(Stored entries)

- - -

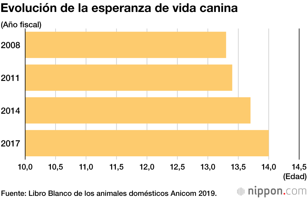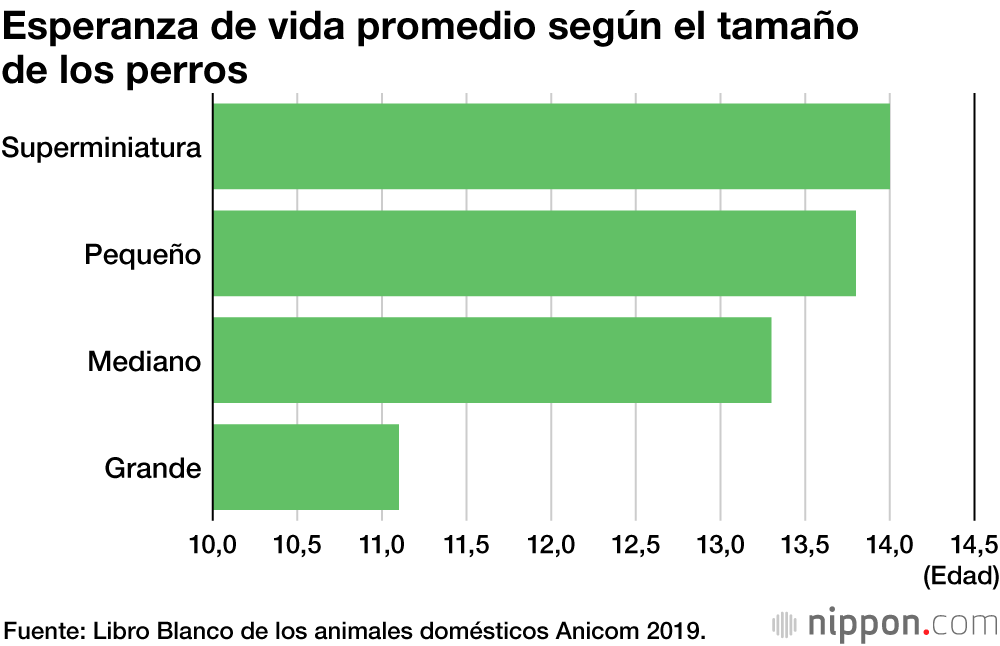 En el año 2017, la esperanza de vida promedio de los perros asegurados por Anicom fue de 14 años. Las mejoras en la medicina veterinaria, la alimentación y las circunstancias caninas han motivado que la esperanza de vida de estos animales aumente de manera gradual. Los perros pequeños y superminiatura viven aproximadamente tres años más que aquellos de razas grandes. Como las mascotas se han convertido en un miembro más de la familia y la mayoría de los dueños desea que vivan más años, esto también ha influido en la popularidad de las razas pequeñas.
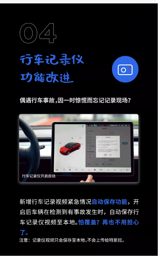 特斯拉在其后还特别附上了“注意”:记录仪视频只会保存至本地,不会上传给特斯拉。
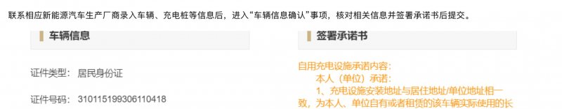 6、联系相应新能源汽车生产厂商录入车辆、充电桩等信息后,进入“车辆信息确认”事项,核对相关信息并签署承诺书后提交;
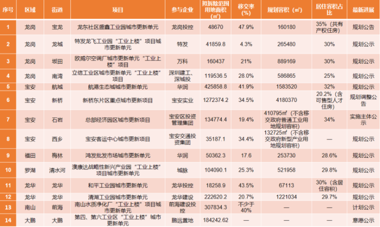 来自合一城市更新研究院的统计显示,截至10月份,深圳共有14个城市更新类“工业上楼”项目有了新进展,拟拆除重建范围面积超312.6公顷,总计容建筑面积超1027万平方米。
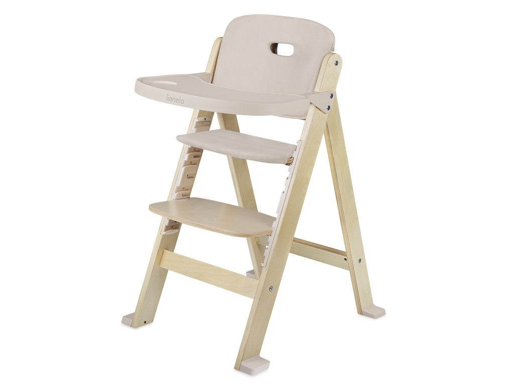 Opěradlo vysoké židle je vybaveno speciální rukojetí pro snadnou přepravu. Podnos lze zavěsit vzadu, aby se předešlo nepořádku. Tlumené barvy a univerzální design dělají Lionelo Floris dobře v každém interiéru.
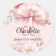 A girly blush pink background, decorated with a large pink bow and pink flowers. Text: Happy Birthday!. Personalise and add your first name, monogram initials and full name.
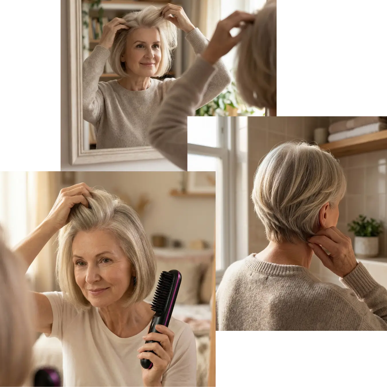 Ma mère a toujours porté les cheveux courts. Avec le temps, ses cheveux sont devenus plus fins, plus sensibles à l’humidité, avec des petits épis plus difficiles à dompter, surtout à l’arrière de la tête.
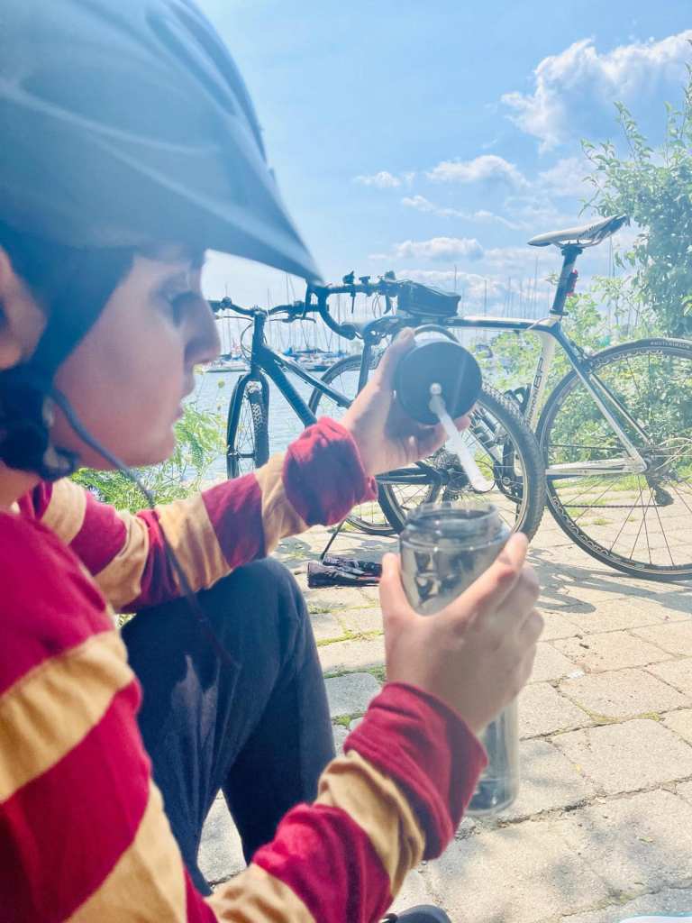 Even though we didn’t cover a long distance on our bikes due to my dad having a meeting later, we still managed to enjoy the trip. In total, we biked around 5 km. The weather was quite hot, so I had to wear a full sleeve shirt as my mom insisted I had to, as so to protect me from sun damage.

- - -

▶ [Exercise prompt]:
Only the lines from the line holding "Opěradlo vysoké židle" through the last line above belong in the answer, repeated exactly; the pictures do not.

▶ [The completed task]:
 Opěradlo vysoké židle je vybaveno speciální rukojetí pro snadnou přepravu. Podnos lze zavěsit vzadu, aby se předešlo nepořádku. Tlumené barvy a univerzální design dělají Lionelo Floris dobře v každém interiéru.
 A girly blush pink background, decorated with a large pink bow and pink flowers. Text: Happy Birthday!. Personalise and add your first name, monogram initials and full name.
 Ma mère a toujours porté les cheveux courts. Avec le temps, ses cheveux sont devenus plus fins, plus sensibles à l’humidité, avec des petits épis plus difficiles à dompter, surtout à l’arrière de la tête.
 Even though we didn’t cover a long distance on our bikes due to my dad having a meeting later, we still managed to enjoy the trip. In total, we biked around 5 km. The weather was quite hot, so I had to wear a full sleeve shirt as my mom insisted I had to, as so to protect me from sun damage.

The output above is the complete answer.